Reviews:

A Lifelong Practice: Susan Cofer’s Draw Near at High Museum

By February 07, 2013
Susan Cofer Draw Near
Installation image, Susan Cofer: Draw Near, High Museum of Art, Works on Paper Gallery, October 27, 2012-February 10, 2013. Photos by Rachel Reese.

Susan Cofer, a lifelong Atlanta native, presents her first career survey, Susan Cofer: Draw Near, at the Works on Paper Gallery in the Lower Level of the High Museum of Art’s Wieland Pavilion [October 27, 2012-February 10, 2013]. The exhibition features almost 100 drawings produced from 1975 to the present. As the title suggests, the exhibition invites the viewer into a literal and metaphysical closeness with the works.

ADVERTISEMENT

Walls are installed chronologically and small groupings occur to encourage intimacy. The exhibition takes not only physical time to explore but also a larger unpacking that involves subtle shifts in materiality, tonal quality, physical processes, and subject matter that mark the last four decades of Cofer’s work. Moving from Cofer’s more subdued and fainter palettes from the 1970s-80s, to the increasingly illustrative works from the past few years, we gain a full awareness to the dedication Cofer has maintained to her practice—characterized by a repetitive, rhythmic and additive drawing methodology. Her practice sustains a unique and personal way of seeing, interpreting, and evolving through a lifetime of inquiry.

Some of the strongest works date from the late 1970s to early 1980s. Cofer’s methodology not only allows, but seeks imperfections in the paper rag, and this process mirrors the organic subject matter well. For example, Tree Wound, 1976, and Tree Wound (Adam & Eve), 1977, contain an inherent artifact or specimen-like quality due to the seamless collaboration between the rips and folds of the paper and the subject matter itself—tree bark. This process produces opportunities for unexpected framing devices, and thereby reinforces a quiet tension between the paper’s materiality and the image.

Susan Cofer, Tree Wound, 1977
Susan Cofer, Tree Wound (Adam & Eve), 1977, colored pencil on paper, 13 1/2 x 11 1/4 inches, courtesy of the artist.

Intimacy, through both physical scale and subtle tonalities, directs us to literally ‘draw near.’ Cofer’s painstaking process is only fully appreciated at close range; the actions of first seeing and then interpreting are integral in properly reading these works. And specifically, in several works that lack tone and thereby function monochromatically, such actions are necessary in order to formulate representations from abstraction. Additionally evident in these older works is a hesitation towards directness on the page; the faint line functions as a repetitive manifestation of meditation.
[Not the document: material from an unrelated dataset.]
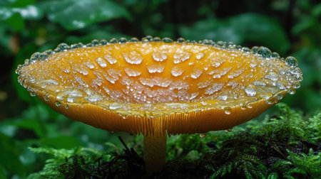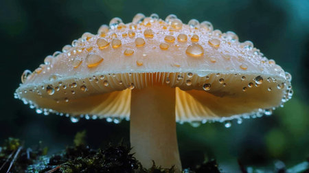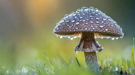 A stunning close-up of a mushroom adorned with glistening dew droplets, captured in soft morning light. This serene scene showcases the beauty of nature.

Installation image, Susan Cofer: Draw Near, High Museum of Art, Works on Paper Gallery, October 27, 2012-February 10, 2013.

A raw moment in the exhibition occurs from viewing Cofer’s journals and plein air drawings from a trip to the Middle East during 1989-90, exemplified in the delicate work A Wadi in Jordan, 1990-92. As most, if not all, of her work is informed through travel and sense of place, this specific body of work feels responsible for the stylistic shift from the 1990s to the present day. The works that develop during the mid 1990s have a heavy line quality with verdant colors and overall darker palettes. Subject matters shift from the quiet and organic into the fantasical and even imaginary.

ADVERTISEMENT

One specific work, The Grove, 1995-97, exemplifies this shift. Cofer begins to use paper less as collaborator in the drawing process, and rather a surface on which to illustrate. A darker and brooding tonal palette emerges and framing devices are held less by the shape or boundaries of the paper. Emerges is a conversation about illustration and what formal qualities, such as color and form, can conceptually represent.

Cofer’s viewing desks from the late 1980s re-surface for this exhibition as well as new singular vitrines. These individual sculptural props reinforce the drawings, which are some of Cofer’s newest (2011-2012) and explore topography, maps, and elements of natural navigation. These are experienced by looking directly over and down at the works on a flat plane. The focus on orienting one’s self around each prop feels a collaborative and integral of the viewing process.

Susan Cofer Draw Near
Installation image, Susan Cofer: Draw Near, High Museum of Art, Works on Paper Gallery, October 27, 2012-February 10, 2013.

The immense time of process involved in Cofer’s works is self-evident, and while certainly not derivative of, carries an affinity to conceptualist and minimalist Roman Opalka, an artist whose repetitive practice became his life’s quest. Cofer’s personal art coefficient is certainly at play here as Duchamp’s Creative Act continually comes to mind—the unknown gap between intention and realization fuels her unconscious desire to search, seek, and ultimately produce.